I am assuming you are making a toy protocol for the fun of it -- learn about crypto, have fun implementing something, but understand that this toy scheme is probably flawed and that if you have sensitive data you should use well-known vetted protocols, not toy schemes you just came up with. (If not see reasons to not roll your own ).
First, RSA just describes the scheme c = m^e mod N
where you encrypt a message m with a public key (N,e)
, and decrypt with private key pair (N,d)
via m = c^d mod N
. You should not encrypt your OTP with RSA -- it will be very inefficient and there are many attacks against RSA without proper padding. You really should always use padding schemes like OAEP (specifically PKCS #1v2). RSA is expensive for long messages, in practice you always use hybrid encryption. That is use RSA to encrypt a randomly generated key for a symmetric encryption function like AES (other encryption functions are fine, just chose AES for concreteness). So Alice first sends ERSA(RSA-PubKey, OAEP(Random-AES-key)), where RSA-PubKey = (N,e) and ERSA(RSA-PubKey, m) = me mod N. Then she sends the AES-encrypted secret data EAES(Random-AES-Key, Secret-Data), which just means Secret-Data
is encrypted with AES and the recently generated Random-AES-Key. Then the receiver first decrypts the AES-key using RSA with the private key (N,d) and then undoes the OAEP padding, and then decrypts the message using that AES-key to get back the secret data.

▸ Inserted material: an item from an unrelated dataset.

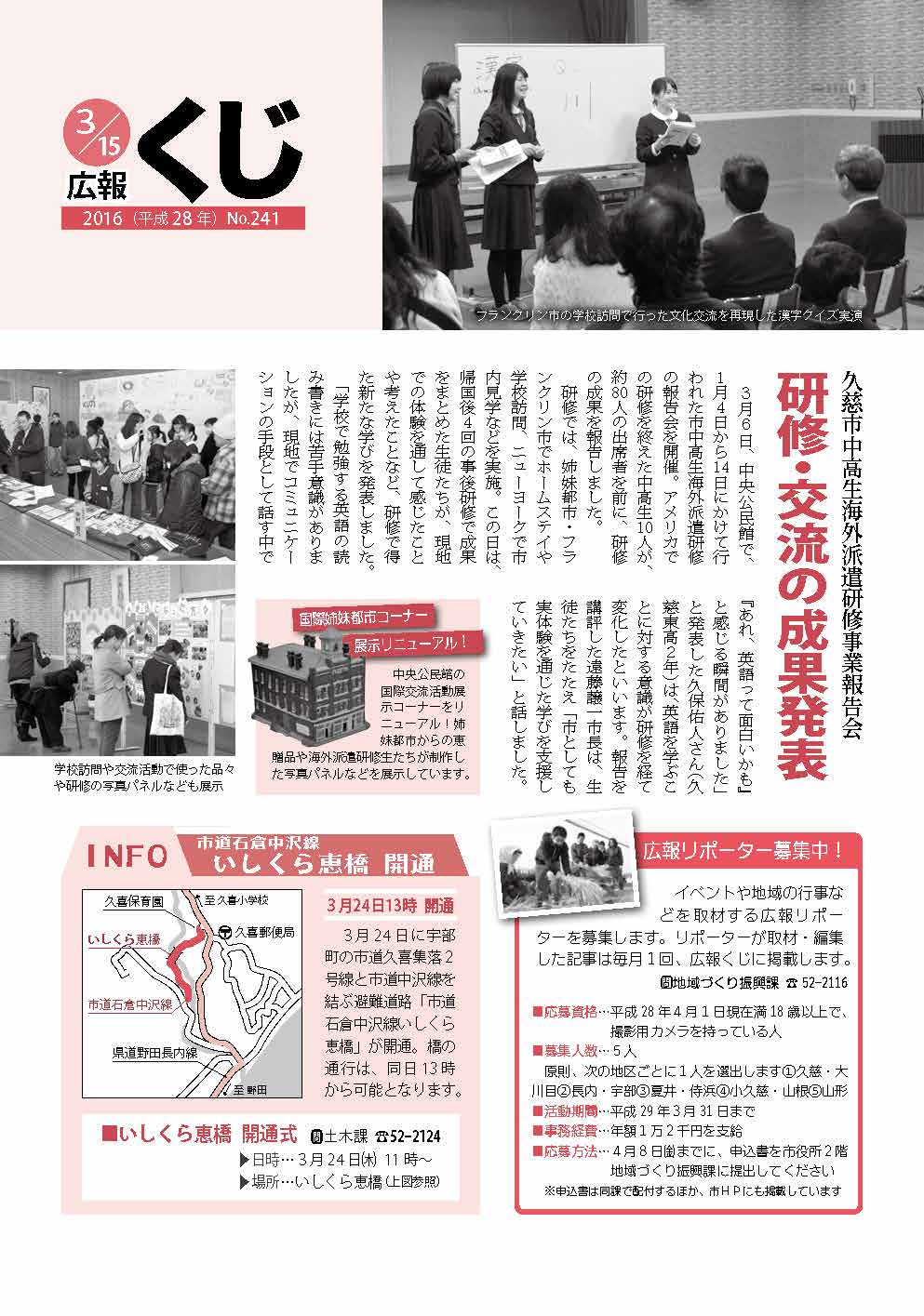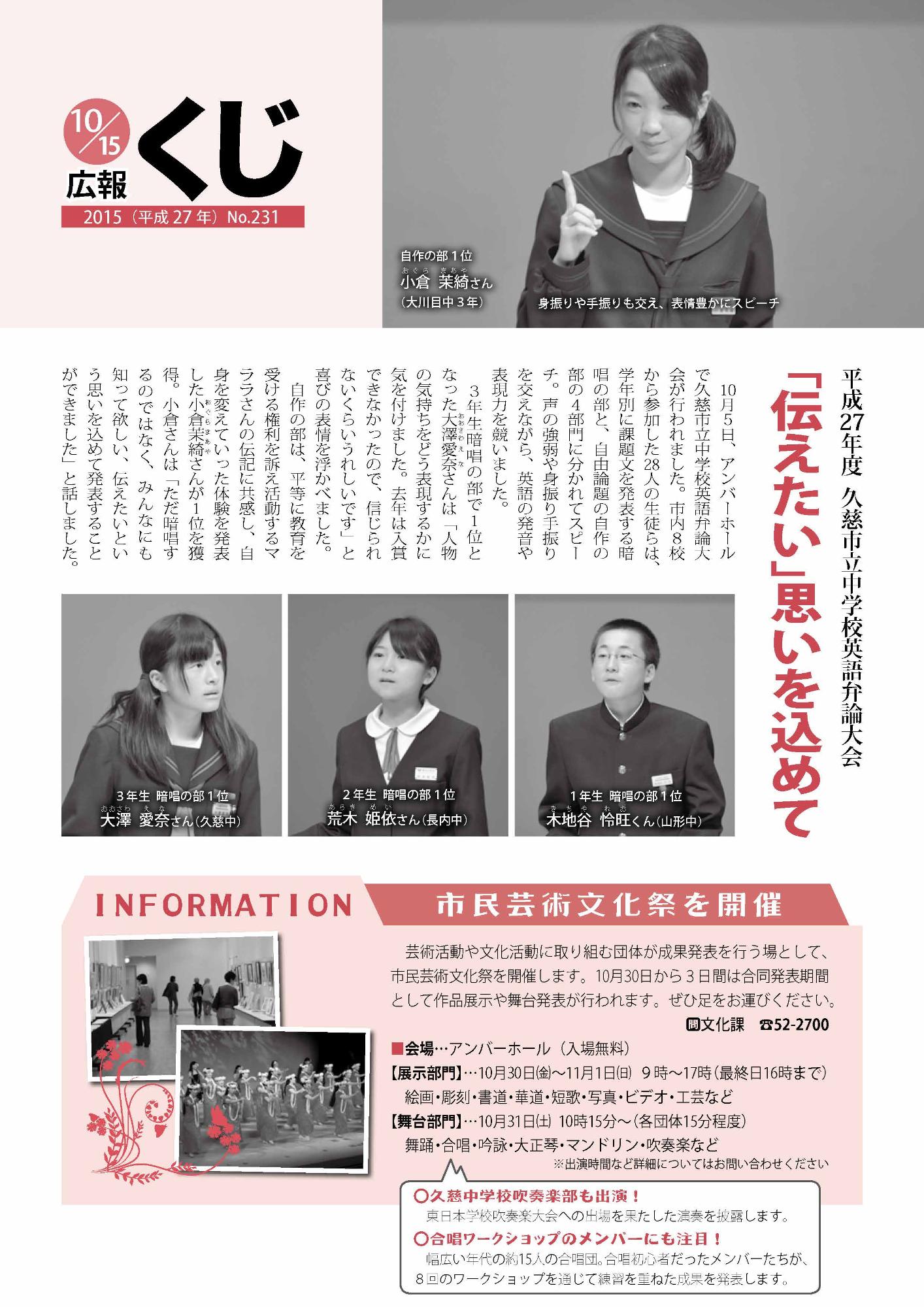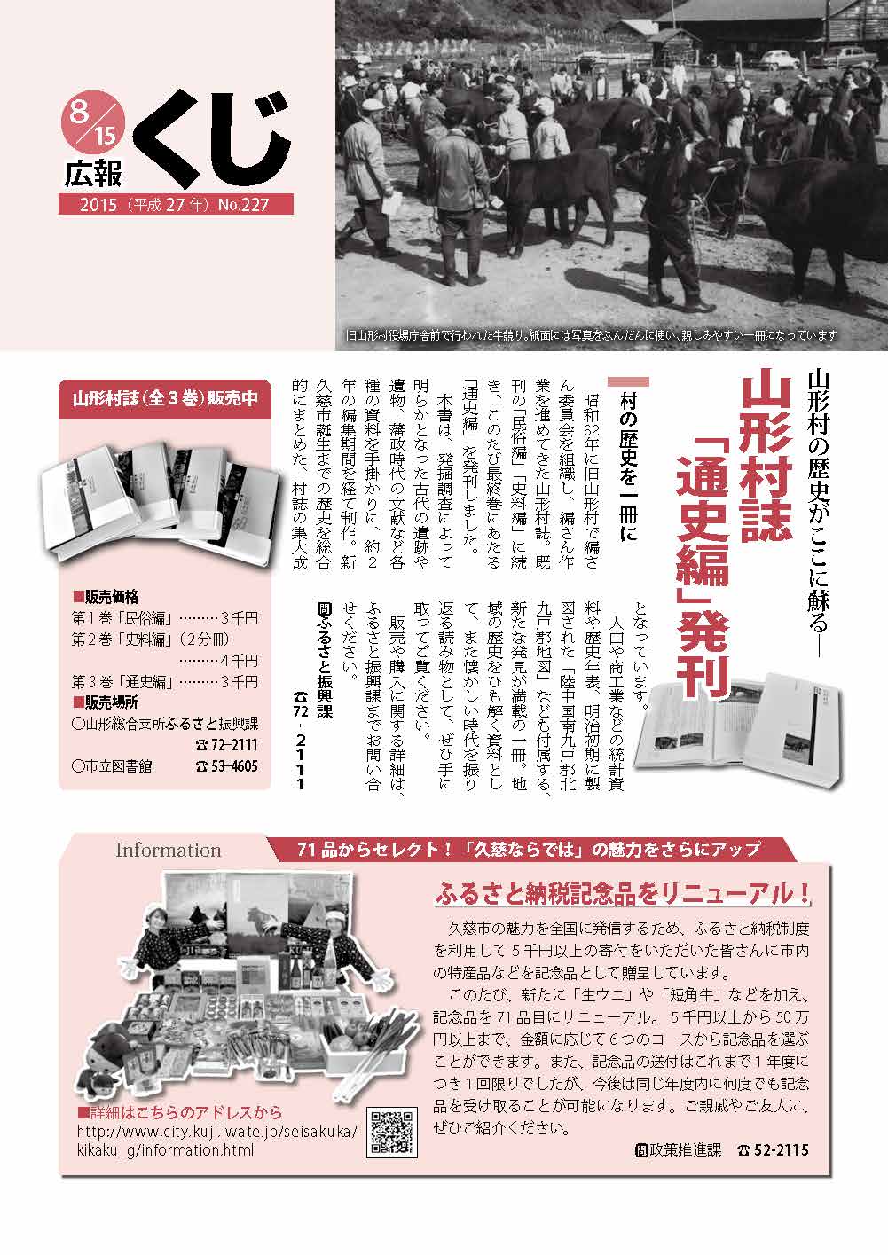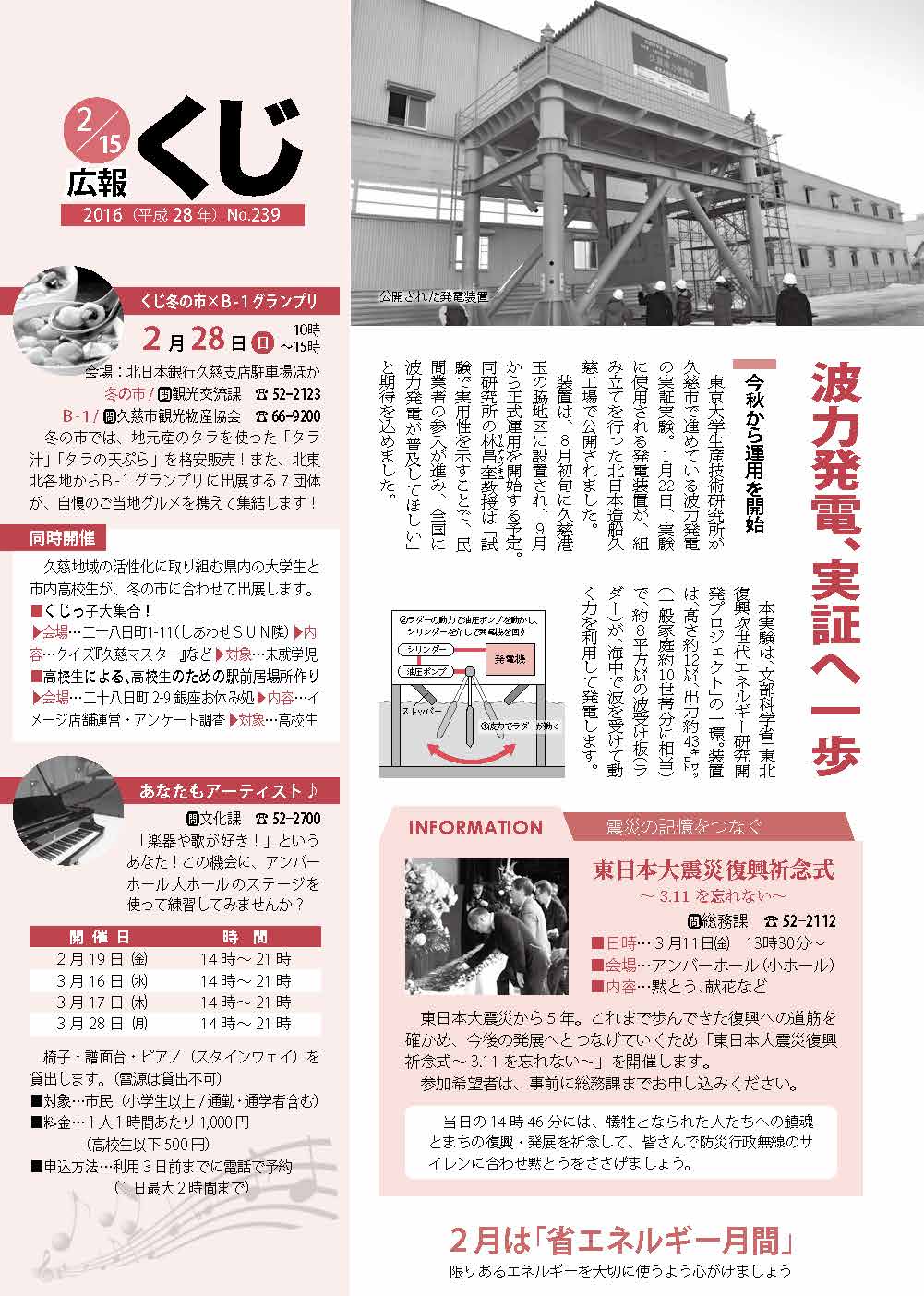「広報くじ」は、本号を毎月1日、お知らせ号を毎月15日に発行します。1日、15日が土日・祝日の場合は、発行日を繰り上げます。行政連絡区長を通じて、市内全域に配布します。

That said, checksums should not be used to prevent tampering of a message in transit. If an attacker can guess a message, they can calculate the checksum, and then tamper the encrypted message to alter both the message and checksum. For example, if the message was encrypted with AES-CTR mode and the message is m = "Transfer $1000 from Alice to Bob's account."
and uses MD5 hash as checksum h=b2a26c14a029b0a2aadba4fa2ecd32d2
. Eve could calculate xor between that message and m' = "Transfer $9999 from Alice to Eve's account."
which has the md5 checksum h' =308b23cb47b0efff365c2593e0a005d7
and then XOR the encrypted message with m XOR m'
and the encrypted checksum with h XOR h'
.
Message Authentication Codes are the way to provide integrity that your message wasn't tampered. These are essentially checksums that intrinsically rely on a shared secret key. There's always a question of how to MAC, should you Encrypt-then-MAC -- (send E(Data) ++ MAC(E(Data)
) or MAC-then-Encrypt (send E(data ++ MAC(data))
) or Encrypt-and-MAC (send E(data) ++ MAC(Data)
), but Encrypt-then-MAC is the consensus best option though other schemes can be secure for certain ciphers.
There are other issues (e.g., generating OTP is quite expensive and uses a lot of entropy which could be problematic). I also don't see what the OTP step gains in security -- e.g., if the RSA step is compromised all the other data is compromised as well to any eavesdropper.
Furthermore, the one-time pad only has provable security when the pad is used exactly once. The many-time pad is notoriously weak as c1 XOR c2 = m1 XOR m2. E.g., assume Eve can't send requests for files to Bob, that there's some undisclosed authentication function that verifies Alice's identity to Bob before Bob will respond back with a file encrypted via a OTP). If she observes Alice ask for file1, sending an encrypted 7 MB OTP (OTP1), she could then request file2 (only 6 MB) sending back the same first 6 MB of OTP1. Bob then replies back with file2 XOR OTP1, leaking to Eve the XOR of file1 and file2. So along with the OTP that is MAC'd, there must be a scheme with a random nonce (generated by the server) that must be included with the encrypted OTP, that is verified (to make sure the encrypted pad wasn't replaced with a previously used OTP).